A categorical variable has a fixed set of possible values that are already present in the input data. An example of such a variable is T-shirt size, which consists of the following categories: 'XS, S, M, L, XL'. Categorical variables prevent random values (for instance, 'XM, A, B') from appearing in your synthetic dataset.

The Rare category protection settings appear below the Encoding type section when selecting this type. These settings help with protecting rare categories. Such categories may cause re-identification of outliers among your data subjects if they’re present in the resulting synthetic data.

There are two rare category protection methods available with which you can mask these categories:

Constant

Replaces rare categories with the value _RARE_.

Sample

Replaces the rare categories with the categories that will appear in the synthetic version
of this column.

Select the method that’s best suited for your use case.

For categorical columns in linked tables, there’s also the Consistency correction setting. Activating consistency correction lets you bias this column towards having less diversity in your data subjects' sequences.

consistency correction

It helps the model remember all the previously generated values of a categorical column, so it can learn whether it needs to boost the probability of a particular category given that it has already been generated for a given subject.
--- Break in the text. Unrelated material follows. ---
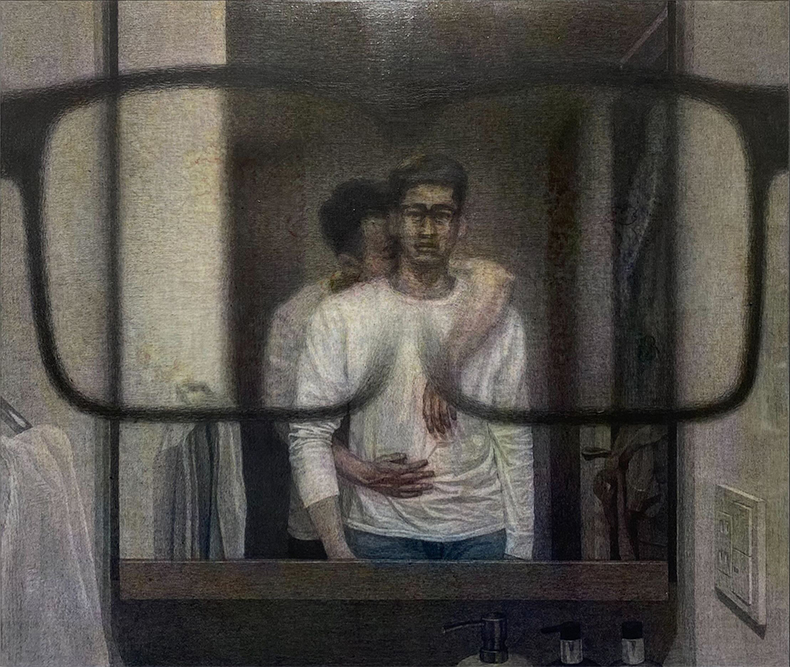 「Your glasses」/パネルにジェッソ、 鉛筆、透明水彩、 ニス/606×727mm /2025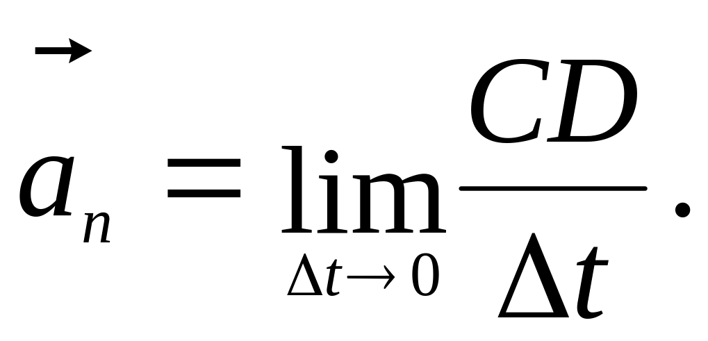 вектор характеризует изменение направления скорости за время Δt. Для определения величины и направления этой составляющей ускорения

To clarify how this works, let’s consider synthesizing a dataset containing customers' grocery purchases in a supermarket over time. Supermarkets carry about 40.000 items on average, whereas customers tend to consistently buy more or less the same products each time they visit.

When synthesizing the dataset without consistency correction, the number of unique products per customer may become too large. The model will assign a small probability to each of the 40.000 products, summing up to an exaggerated probability of buying some new items.
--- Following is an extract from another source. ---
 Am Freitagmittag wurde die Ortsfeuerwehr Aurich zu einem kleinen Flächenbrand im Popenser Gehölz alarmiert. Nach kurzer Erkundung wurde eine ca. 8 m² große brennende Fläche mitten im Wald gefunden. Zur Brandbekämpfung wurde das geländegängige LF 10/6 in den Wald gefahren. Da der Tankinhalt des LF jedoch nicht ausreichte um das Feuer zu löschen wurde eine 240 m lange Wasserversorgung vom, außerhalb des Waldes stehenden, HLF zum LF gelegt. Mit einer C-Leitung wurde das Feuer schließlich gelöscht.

By activating consistency correction, you’re shifting the model’s predictions in favor of items that previously appeared in that customer’s sequence—as a result, reducing the probability of new items being purchased every visit.

Consistency correction helps with high cardinality columns. In this dataset, this would be the column with purchased items. The total number of unique items in this column would probably come close to the variety carried by the supermarket. However, consistency correction can already be helpful even if a column’s cardinality is only 50 - 100, for as long as the column should have a high consistency over time.

Enabling consistency correction increases memory and computational requirements. We recommend turning it on only when there’s a real need for it.